*** Given information Section Begins ***

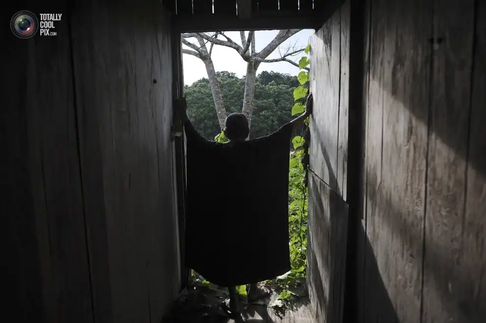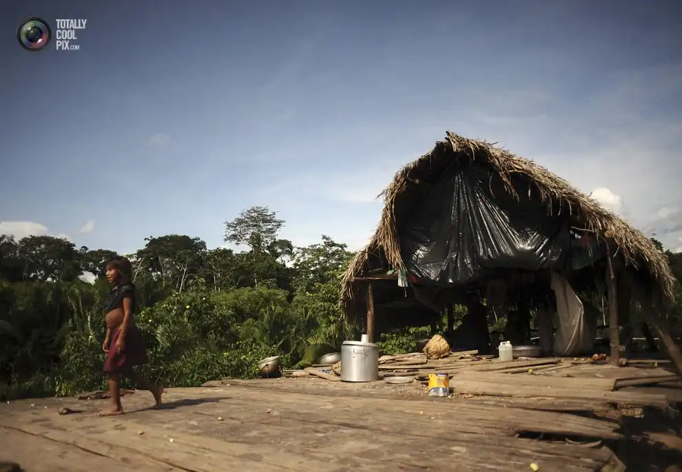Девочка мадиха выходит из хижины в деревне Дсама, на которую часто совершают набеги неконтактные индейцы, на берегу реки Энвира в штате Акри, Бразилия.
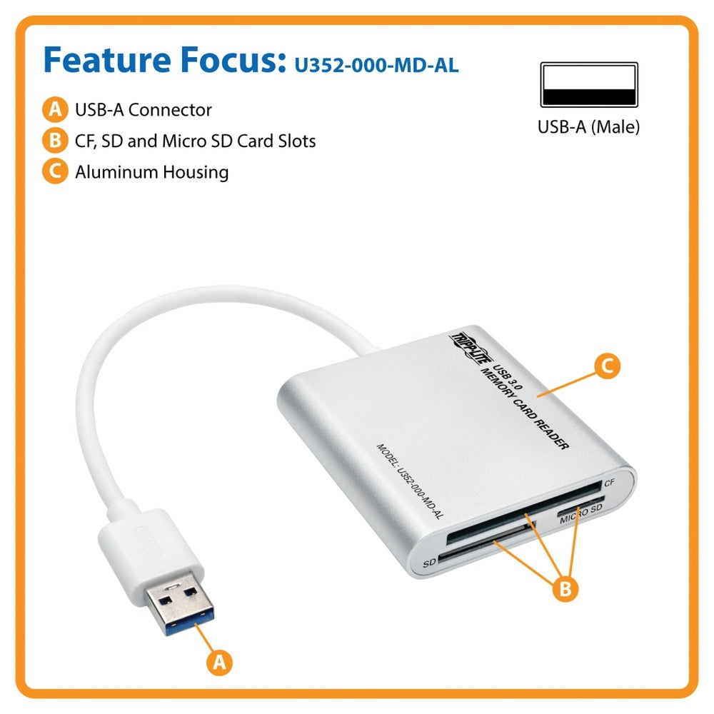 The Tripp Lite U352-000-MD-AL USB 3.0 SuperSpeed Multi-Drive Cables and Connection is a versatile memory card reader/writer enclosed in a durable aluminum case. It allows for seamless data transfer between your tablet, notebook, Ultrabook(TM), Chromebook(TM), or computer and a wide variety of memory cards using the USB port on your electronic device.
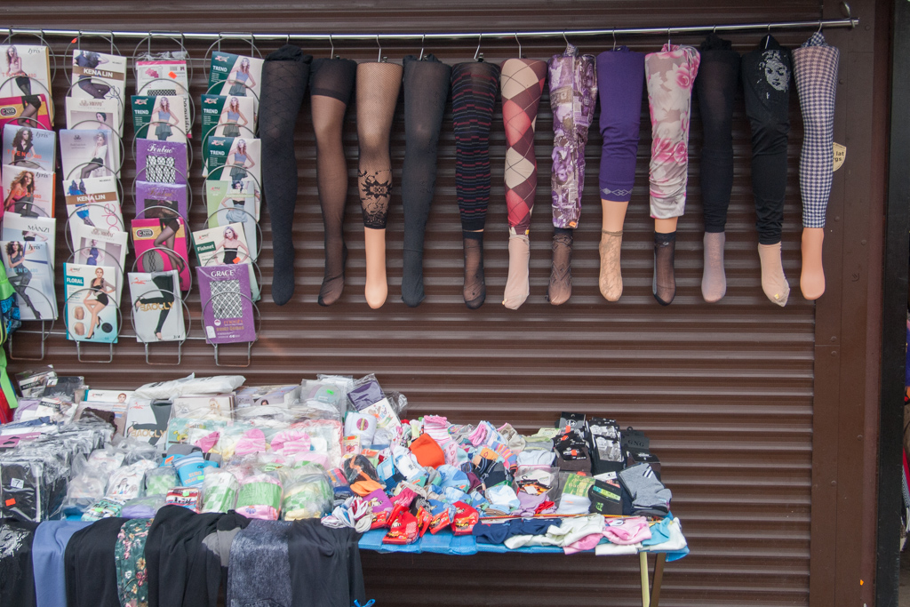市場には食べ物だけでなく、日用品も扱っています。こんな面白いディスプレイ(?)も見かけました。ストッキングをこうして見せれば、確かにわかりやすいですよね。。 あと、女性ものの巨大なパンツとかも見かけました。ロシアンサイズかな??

*** Given information Section Ends ***

> **Activity**
Restate the data above verbatim, skipping every image.

> **Exercise answer**
Девочка мадиха выходит из хижины в деревне Дсама, на которую часто совершают набеги неконтактные индейцы, на берегу реки Энвира в штате Акри, Бразилия.
 The Tripp Lite U352-000-MD-AL USB 3.0 SuperSpeed Multi-Drive Cables and Connection is a versatile memory card reader/writer enclosed in a durable aluminum case. It allows for seamless data transfer between your tablet, notebook, Ultrabook(TM), Chromebook(TM), or computer and a wide variety of memory cards using the USB port on your electronic device.
市場には食べ物だけでなく、日用品も扱っています。こんな面白いディスプレイ(?)も見かけました。ストッキングをこうして見せれば、確かにわかりやすいですよね。。 あと、女性ものの巨大なパンツとかも見かけました。ロシアンサイズかな??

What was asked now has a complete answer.